Examínelos en busca de marcadores de superficie de células hematopoyéticas y endoteliales. Uso de citometría de flujo. Cultive cantidades suficientes en matraces de cultivo hasta que estén listos para recolectar.

A continuación, separar las células estromales esofágicas de ratón cultivadas utilizando una solución de disociación celular no enzimática a 37 grados centígrados durante 10 minutos. Siguiendo su recolección. Lave las celdas con el búfer de fax dos veces y cuente las celdas.

Ahora, utilizando un procedimiento de tinción estándar, tiñe con CD 45 para identificar las células inmunitarias y teñe con CD 31 para identificar las células endoteliales, luego pasa las células a través del citómetro de flujo. Las células estromales esofágicas se aislaron mediante digestión mecánica y enzimática y se cultivaron en placas de seis pocillos a las pocas horas de la siembra. Las celdas estaban en una suspensión mixta adherida a la placa.

Durante las siguientes 24 horas, las células en forma de huso brotaron de la suspensión celular y se adhirieron firmemente al fondo de la placa. Estas células cubrieron todo el pozo en cinco días y fueron conducidas con éxito conservando su morfología durante al menos 15 conductos vistos aquí, las células están en una densidad baja. Estas son las células fusiformes cerca de la cofluidez, tinción inmunológica de cultivos primarios de células estromales esofágicas.

Los cultivados en portaobjetos de cámara demostraron una expresión abundante de marcadores citoesqueléticos de miofibroblastos.
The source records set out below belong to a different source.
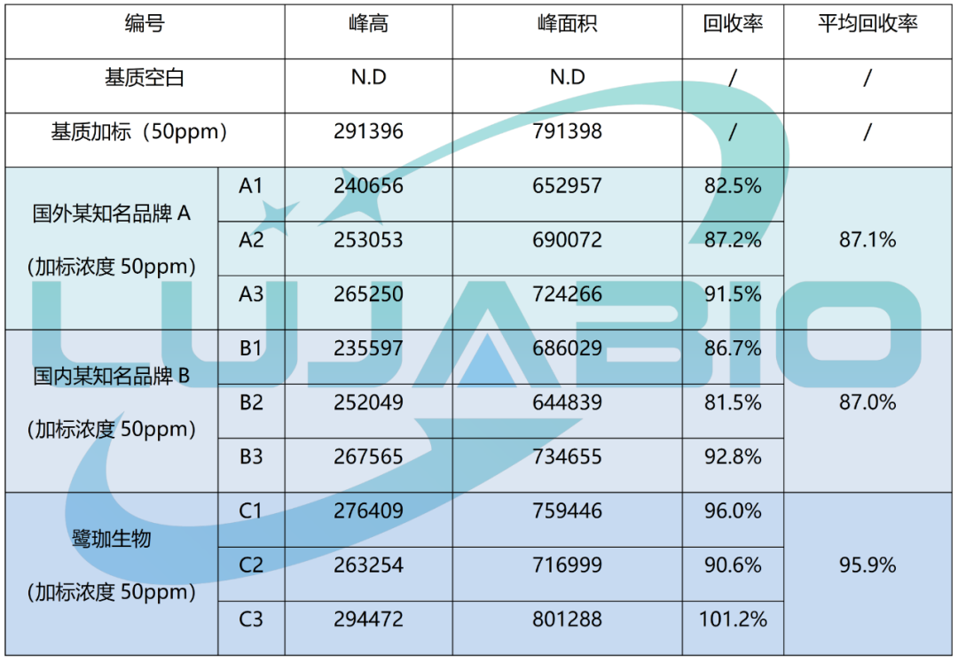 图1. 氯霉素化学结构式 针对氯霉素样品的前处理方法,鹭珈生物推出LUJACap HLB(200mg/6mL)比对美国某知名品牌A和国内某知名品牌B的HLB产品,实验结果表明鹭珈生物的LUJACap HLB完全满足对氯霉素的富集,整体回收率较好。实验详情如下。 参考方法:《NY/T 3787—2020土壤中四环素类、氟喹诺酮类、磺胺类、大环内酯类和氯霉素类抗生素含量同步检测方法 高效液相色谱法》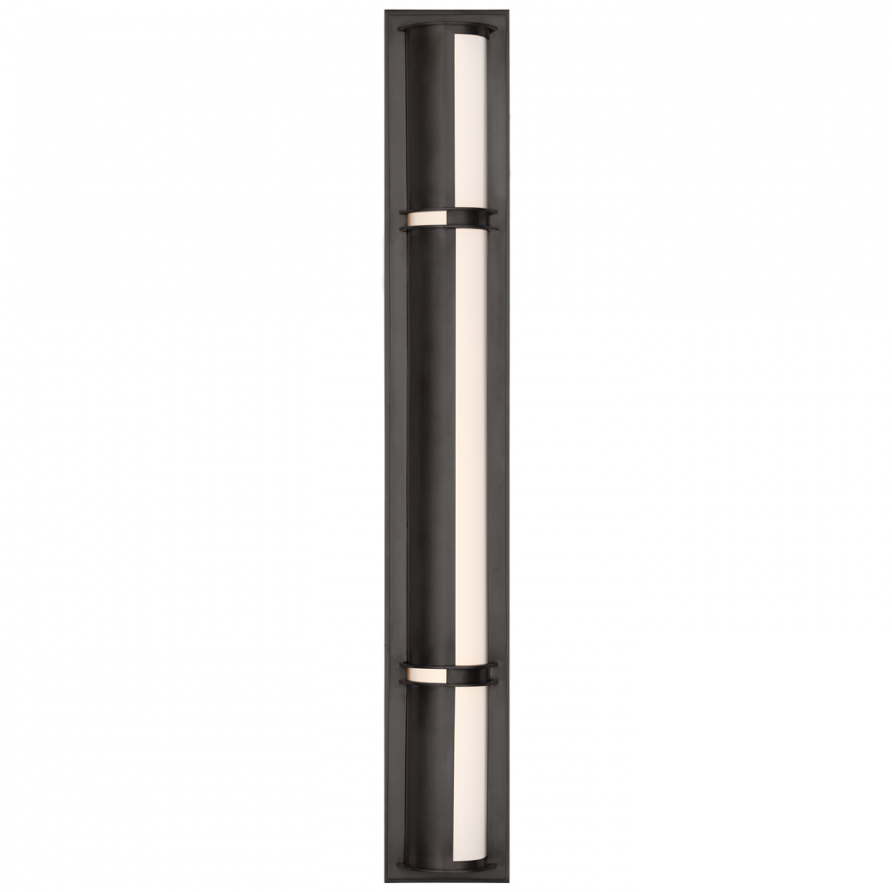 The Strever by Ralph Lauren takes its art deco inspiration from a Chicago skyscraper. Conical, milky white glass with warm LED lighting is secured in an asymmetric metal frame, available in bronze, polished nickel or natural brass. Modern and vintage feeling at the same time, the bath lights will cast an even glow on either side of a mirror, while a series of sconces can line a hallway.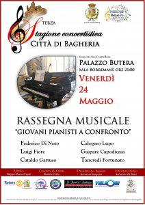 Si terrà, oggi venerdì 24 maggio, l'evento concertistico "Rassegna musicale: Giovani pianisti a confronto" a palazzo Butera, sala Borremans, alle ore 21,00.

La pureza del cultivo de alfa, SMA y mentón se evaluó mediante citometría de flujo. Se estableció la dispersión frontal y lateral para las células estromales esofágicas murnas primarias, seguidas de la compuerta y el análisis de las células vivas para las proteínas de la superficie celular.

Las células estromales esofágicas murnas primarias carecían de expresión de CD 45 hematopoyético y carecían de expresión de marcadores de superficie de células endoteliales CD 31. Después de ver este video, debería tener una buena comprensión de cómo establecer cultivos primarios de miofibroblastos de esófago humano y de ratón. Sí.